Wissen und Meinungen sind fast weltweit abruf- und diskutierbar.

2.4. Jugend ist Gleichaltrigenjugend

Gleichaltrigengruppen treten immer stärker in den Vordergrund. Durch die zunehmende Verschulung und damit einhergehend mit der Zusammensetzung der Klassen zu altershomogenen Gruppen, nehmen Gleichaltrigengruppen gesamtgesellschaftlich eine wichtige Position ein. Viel Zeit außerhalb der Familien und außerhalb der altersheterogen zusammengesetzten Berufswelt verbringen Jugendliche mit anderen Jugendlichen. Hier finden sie eine Entlastung von den alltäglichen Kompetenzanforderungen. Jugend ist „zu ihrer eigenen Bezugsgruppe geworden“21. Jungsein vollzieht sich in informellen Gruppen und Cliquen, sogenannten Peergroups. Hier steht vornehmlich die Kommunikation, lockeres Beisammensein und zusammenverbrachte Freizeit- und Konsumaktivitäten im Vordergrund. Diese Gruppen stellen eine wichtige Sozialisationsinstanz dar.

Jugendliche erhalten hier Chancen, sich selbst zu verwirklichen, verschiedene Lebensstile auszuprobieren, die ihnen im Rahmen der Familie, der Schule oder der Arbeit nicht gegeben sind. Probleme und Sorgen können in Peers diskutiert werden, wobei ein Gefühl von Wärme und Zusammengehörigkeit entsteht. Nicht zu unterschätzen bleibt jedoch der Druck, den die Gruppe auf das Individuum ausüben kann, wie zum Beispiel den Ausschluss bei nicht gruppenangepasstem Verhalten. Ab und zu findet sich auch eine abweisende Haltung gegenüber anderen Gruppen. „Indem Jugendliche sich jugend(sub)kulturell via Selbstetikettierungen und Stilformen szenenspezifisch von anderen absetzen, um nach innen verbindliche Zugehörigkeit und nach außen Grenzlinien, also Abgrenzung zu markieren, neigen sie nicht selten zu einer - Regeln wechselseitiger Achtung verletzenden - quasi vormodernen ego- bzw. ethnozentrischen Gruppenhaltung, die die jeweils anderen kulturellen Ausdrucksmöglichkeiten zuweilen sogar aggressiv ausschließt.“22 Gerade Jugendkulturen und Jugendstile erleben einen regelrechten Boom. Hier zu nennen sind beispielsweise Punks, Skinheads, Computerfreaks, Techno- Anhänger und viele andere mehr.

Man sieht also, dass es eine einheitliche Jugendkultur nicht gibt. Vielmehr zeigt sich auch hier wiederum die in Gang geratene Pluralisierung der Gesellschaft mit all ihren Chancen aber auch Risiken für den Jugendlichen.

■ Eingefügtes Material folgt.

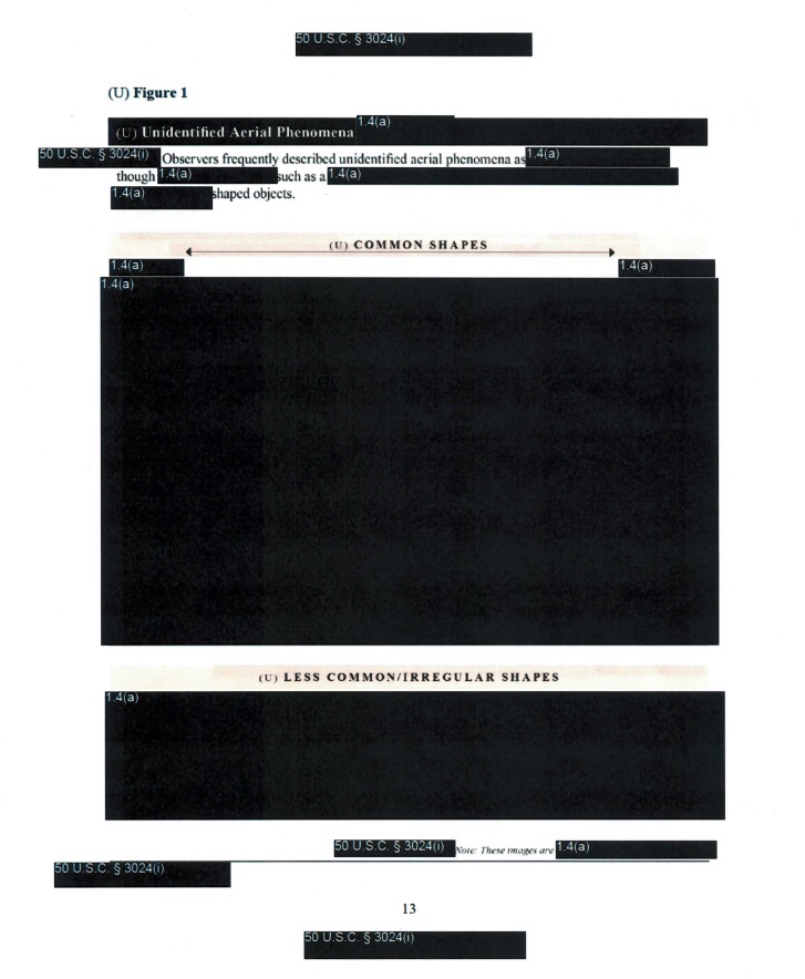 The Black Vault, por otro lado, ha recibido un informe de 17 páginas en el que algunas páginas han sido borradas casi por completo. Dentro de estos pasajes redactados, el Departamento de Defensa enumera imágenes y gráficos como formas comunes y menos comunes (o irregulares) de avistamientos de ovnis. Estas secciones están totalmente ausentes del informe público. https://t.me/QAnons_Espana

2.5. Jugend ist Gegenwartsjugend

Versteht man Jugend als Statuspassage zwischen Kindheit und Erwachsenenalter, so kann man der Jugendzeit klare Entwicklungsaufgaben zuweisen. Es gilt durch berufliche Qualifizierung sich auf die Erwachsenenexistenz vorzubereiten. Eine zweite wichtige Aufgabe ist der Erwerb soziokultureller Mündigkeit. Beendet wird die Jugendphase nach dieser Auffassung durch die Etablierung im Beruf und die Ablösung aus der Familie, was oftmals mit der Gründung einer eigenen Familie einhergeht. Die Lebensphase „Jugend“ hat sich jedoch zu einem relativ offenen Lebensbereich gewandelt. Infolge der Bildungsexpansion und der Probleme auf dem Arbeitsmarkt hat sich die Jugendphase verlängert. Die heutige Generation besucht die Schule zwei bis drei Jahre länger. Im Durchschnitt wird die Berufsausbildung drei Jahre später abgeschlossen. Früher durchlief der Jugendliche einzelne Lebensabschnitte in einer wohlgeordneten Reihenfolge. Erste sexuelle Erfahrungen wurden häufig erst nach dem Abschlußder Schule gesammelt. Einige Jahre nach der Berufsausbildung zog man in der Regel von zu Hause aus, worauf dann kurz danach geheiratet wurde23. Heutzutage wird diese Reihenfolge durchbrochen. Erste sexuelle Erfahrungen sind in die Schulzeit vorverlagert. Jugendliche ziehen auch früher von zu Hause aus, als dies noch in den Jahrzehnten zuvor der Fall war. Allerdings ist der Auszug und damit die Ablösung aus dem Elternhaus nur selten verbunden mit der Gründung einer eigenen Familie. Vielmehr folgt eine neue, höchst individuelle, biographische Zwischenetappe in Form des Alleine- Wohnens. Gerade die Zahl der Singlehaushalte hat in den letzten Jahren enorm zugenommen. Diese Lebensart ermöglicht eine individuelle Lebensgestaltung, mit der Möglichkeit noch bewußter seinen Platz in der Gesellschaft suchen und finden zu können. Einen ähnlichen Trend kann man am Heiratsverhalten ablesen. Das Heiratsalter hat seit den siebziger Jahren sowohl bei Männern (heute etwa 28 Jahre) als auch bei Frauen (zwischen 25 und 26 Jahren) zugenommen.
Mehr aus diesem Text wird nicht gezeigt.